What is required. Nothing but the lines from the one containing "для мягкой кровли при монтаже" through the last line of the records belongs in the answer, copied exactly and with the pictures left out.

Material provided.
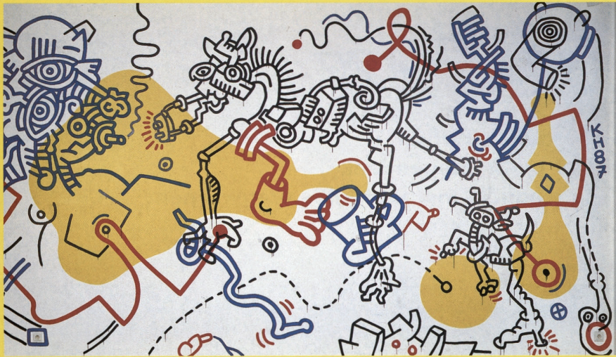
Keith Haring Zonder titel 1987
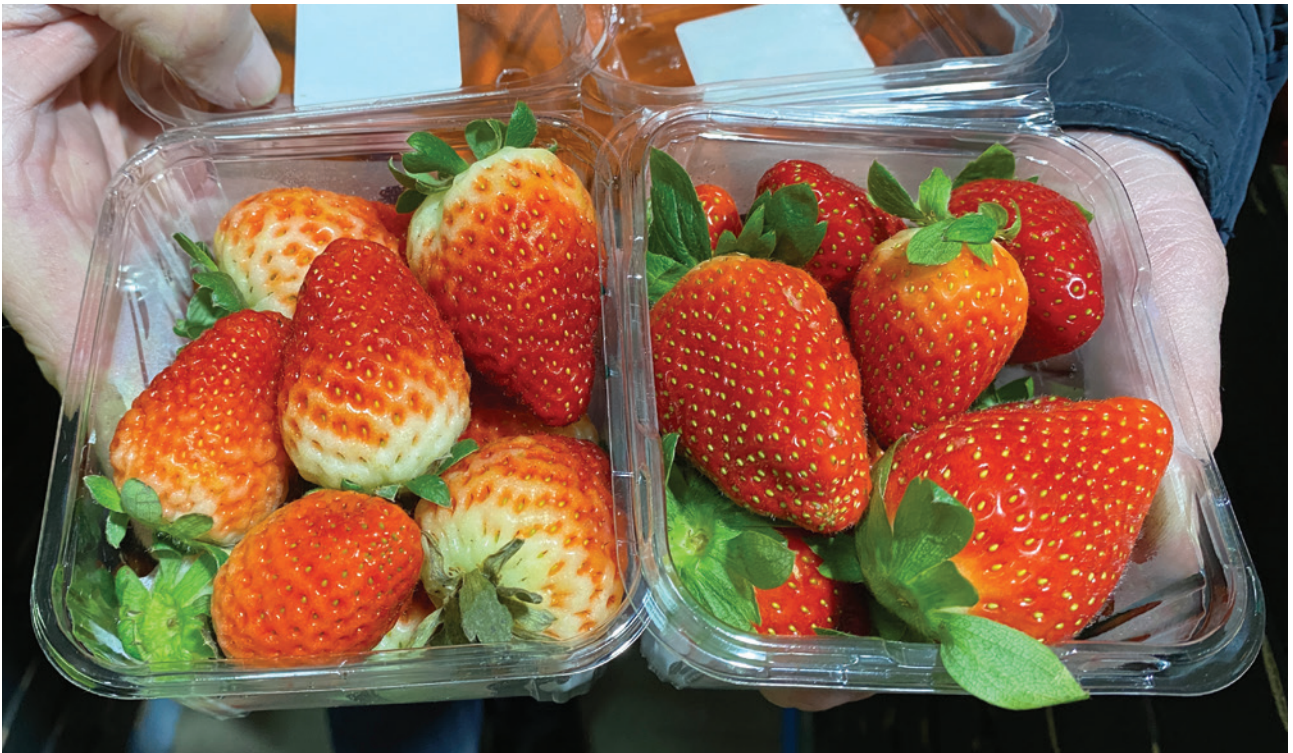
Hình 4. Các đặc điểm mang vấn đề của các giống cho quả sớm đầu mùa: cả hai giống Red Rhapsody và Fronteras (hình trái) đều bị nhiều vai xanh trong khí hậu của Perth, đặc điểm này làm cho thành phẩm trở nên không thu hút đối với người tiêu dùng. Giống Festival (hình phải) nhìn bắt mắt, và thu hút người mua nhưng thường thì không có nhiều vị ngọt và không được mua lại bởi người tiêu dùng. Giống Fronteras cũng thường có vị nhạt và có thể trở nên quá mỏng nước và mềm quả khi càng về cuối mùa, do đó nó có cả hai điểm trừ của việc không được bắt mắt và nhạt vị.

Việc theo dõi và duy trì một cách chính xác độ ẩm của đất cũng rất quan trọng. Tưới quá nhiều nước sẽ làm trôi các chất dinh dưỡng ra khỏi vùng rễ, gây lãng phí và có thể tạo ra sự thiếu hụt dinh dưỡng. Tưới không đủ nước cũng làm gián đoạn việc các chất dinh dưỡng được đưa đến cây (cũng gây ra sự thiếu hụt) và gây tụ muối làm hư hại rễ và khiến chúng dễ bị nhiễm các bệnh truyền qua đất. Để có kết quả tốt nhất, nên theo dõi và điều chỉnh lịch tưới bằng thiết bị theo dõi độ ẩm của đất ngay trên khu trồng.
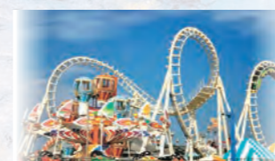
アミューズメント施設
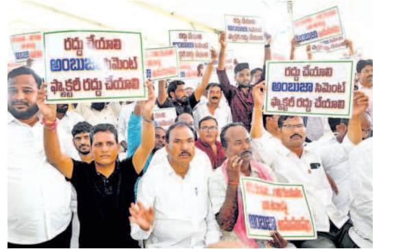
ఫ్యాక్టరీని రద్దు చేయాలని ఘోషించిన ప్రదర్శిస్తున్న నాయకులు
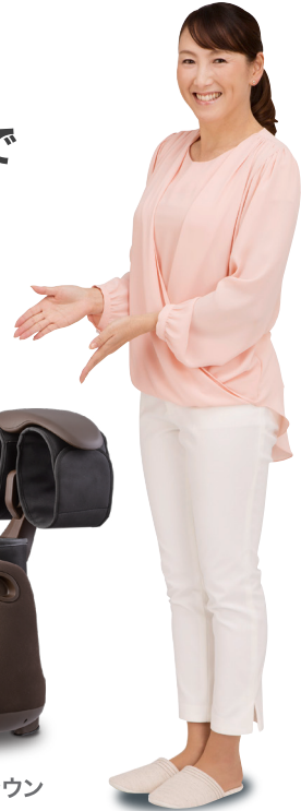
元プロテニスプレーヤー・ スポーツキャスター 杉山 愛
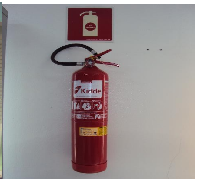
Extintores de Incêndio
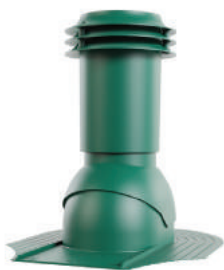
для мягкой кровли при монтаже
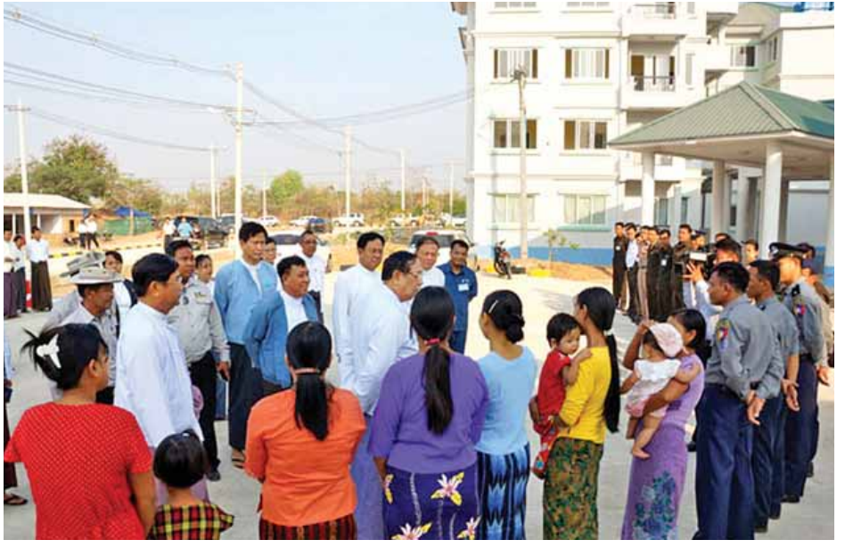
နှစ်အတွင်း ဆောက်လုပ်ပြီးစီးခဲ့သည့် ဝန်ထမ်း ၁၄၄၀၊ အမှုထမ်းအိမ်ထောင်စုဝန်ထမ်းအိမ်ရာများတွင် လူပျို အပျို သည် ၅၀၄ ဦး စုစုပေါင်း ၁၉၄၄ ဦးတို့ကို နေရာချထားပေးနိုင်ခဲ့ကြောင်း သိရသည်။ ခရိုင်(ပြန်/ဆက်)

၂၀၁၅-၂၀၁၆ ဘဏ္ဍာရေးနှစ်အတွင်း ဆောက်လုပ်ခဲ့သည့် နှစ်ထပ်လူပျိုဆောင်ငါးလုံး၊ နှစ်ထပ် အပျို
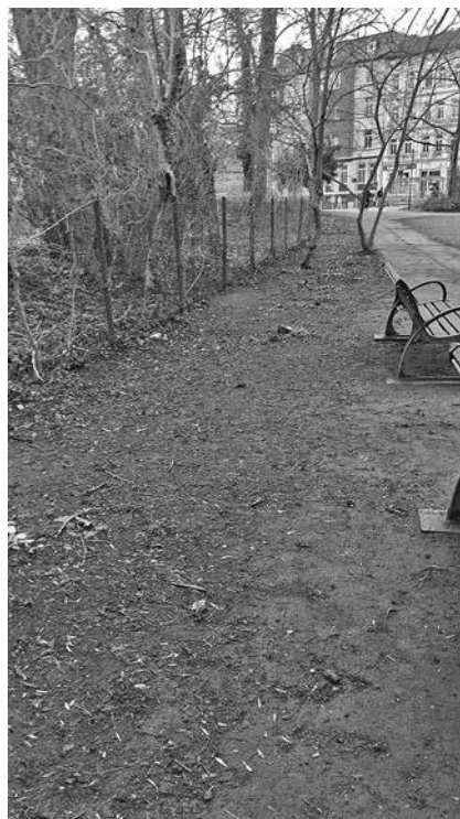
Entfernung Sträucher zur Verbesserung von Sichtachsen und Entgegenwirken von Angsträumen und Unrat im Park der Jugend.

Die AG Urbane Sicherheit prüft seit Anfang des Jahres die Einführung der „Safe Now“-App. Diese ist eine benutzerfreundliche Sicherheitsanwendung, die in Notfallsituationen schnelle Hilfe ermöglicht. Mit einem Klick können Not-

Solution for this task.
для мягкой кровли при монтаже
နှစ်အတွင်း ဆောက်လုပ်ပြီးစီးခဲ့သည့် ဝန်ထမ်း ၁၄၄၀၊ အမှုထမ်းအိမ်ထောင်စုဝန်ထမ်းအိမ်ရာများတွင် လူပျို အပျို သည် ၅၀၄ ဦး စုစုပေါင်း ၁၉၄၄ ဦးတို့ကို နေရာချထားပေးနိုင်ခဲ့ကြောင်း သိရသည်။ ခရိုင်(ပြန်/ဆက်)

၂၀၁၅-၂၀၁၆ ဘဏ္ဍာရေးနှစ်အတွင်း ဆောက်လုပ်ခဲ့သည့် နှစ်ထပ်လူပျိုဆောင်ငါးလုံး၊ နှစ်ထပ် အပျို
Entfernung Sträucher zur Verbesserung von Sichtachsen und Entgegenwirken von Angsträumen und Unrat im Park der Jugend.

Die AG Urbane Sicherheit prüft seit Anfang des Jahres die Einführung der „Safe Now“-App. Diese ist eine benutzerfreundliche Sicherheitsanwendung, die in Notfallsituationen schnelle Hilfe ermöglicht. Mit einem Klick können Not-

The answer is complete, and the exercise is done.